Assigned task: Output exactly, in the material below, the lines from the one with "anthracite a griffes" through the one with "Mit einer kleinen". Omit all pictures.

── Input

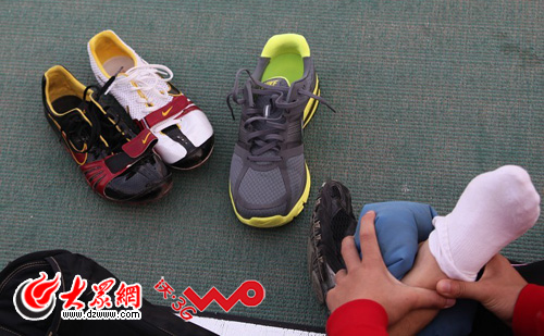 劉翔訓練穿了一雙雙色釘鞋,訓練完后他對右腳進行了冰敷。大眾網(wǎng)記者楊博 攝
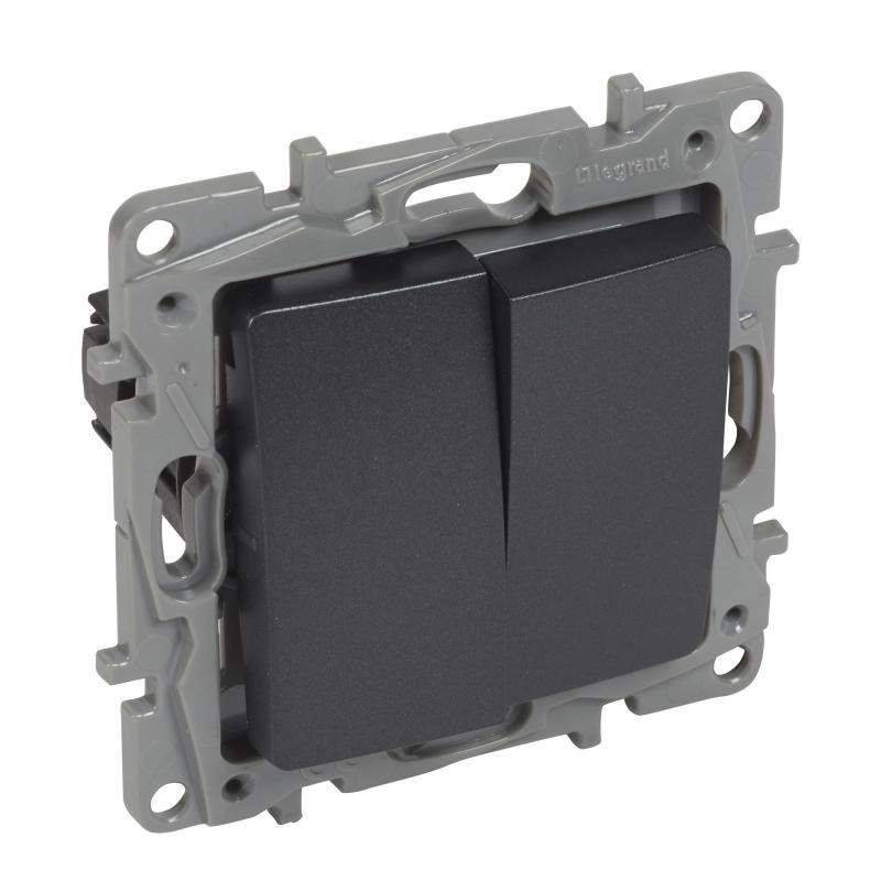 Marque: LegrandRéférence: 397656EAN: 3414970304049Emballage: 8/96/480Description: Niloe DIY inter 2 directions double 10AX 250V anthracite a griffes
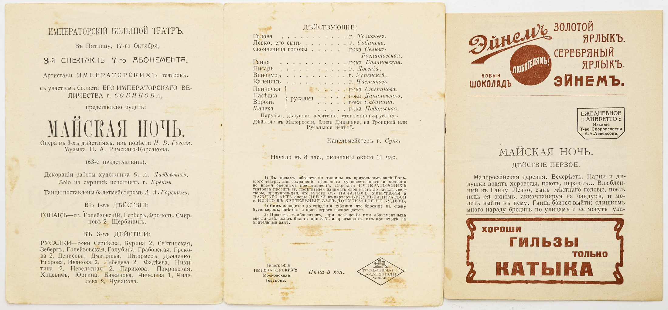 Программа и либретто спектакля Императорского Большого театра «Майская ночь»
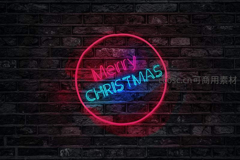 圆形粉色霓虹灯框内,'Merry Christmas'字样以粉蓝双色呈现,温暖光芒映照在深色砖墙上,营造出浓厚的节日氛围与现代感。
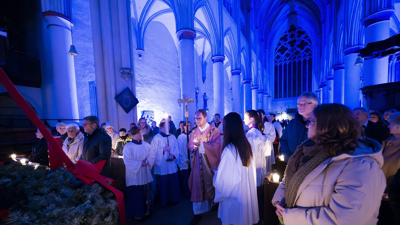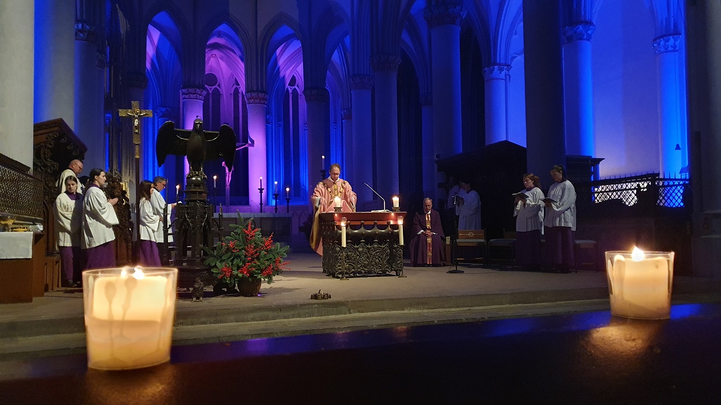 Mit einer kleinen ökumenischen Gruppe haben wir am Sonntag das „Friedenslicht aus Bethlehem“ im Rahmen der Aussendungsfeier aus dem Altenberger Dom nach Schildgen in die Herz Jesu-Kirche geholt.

────
── Input

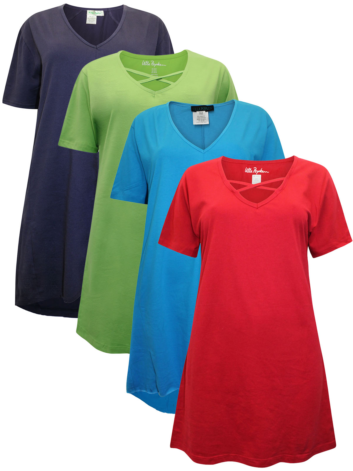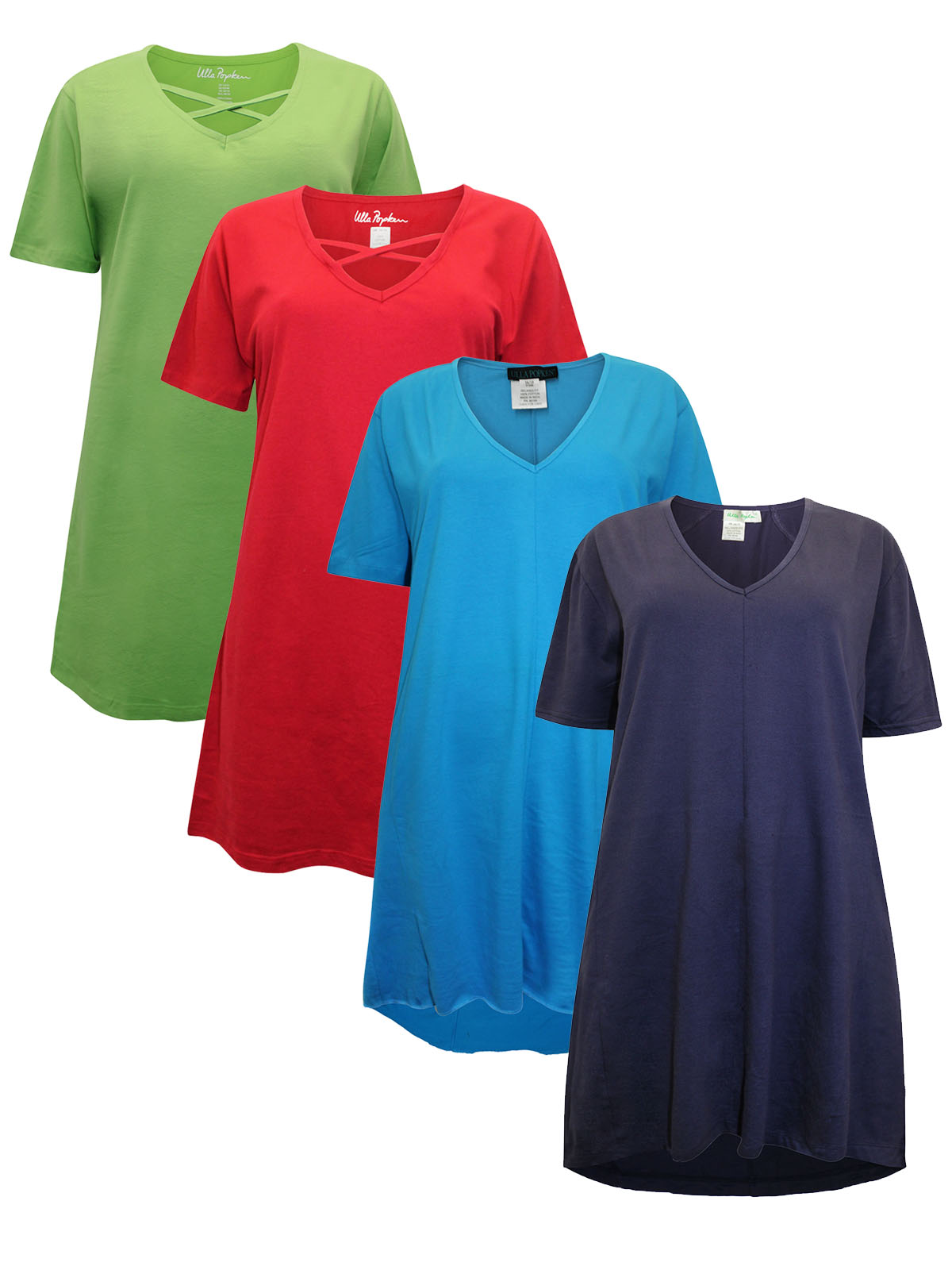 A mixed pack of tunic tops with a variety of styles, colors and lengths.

────

Output of the exercise:
 Marque: LegrandRéférence: 397656EAN: 3414970304049Emballage: 8/96/480Description: Niloe DIY inter 2 directions double 10AX 250V anthracite a griffes
 Программа и либретто спектакля Императорского Большого театра «Майская ночь»
 圆形粉色霓虹灯框内,'Merry Christmas'字样以粉蓝双色呈现,温暖光芒映照在深色砖墙上,营造出浓厚的节日氛围与现代感。
 Mit einer kleinen ökumenischen Gruppe haben wir am Sonntag das „Friedenslicht aus Bethlehem“ im Rahmen der Aussendungsfeier aus dem Altenberger Dom nach Schildgen in die Herz Jesu-Kirche geholt.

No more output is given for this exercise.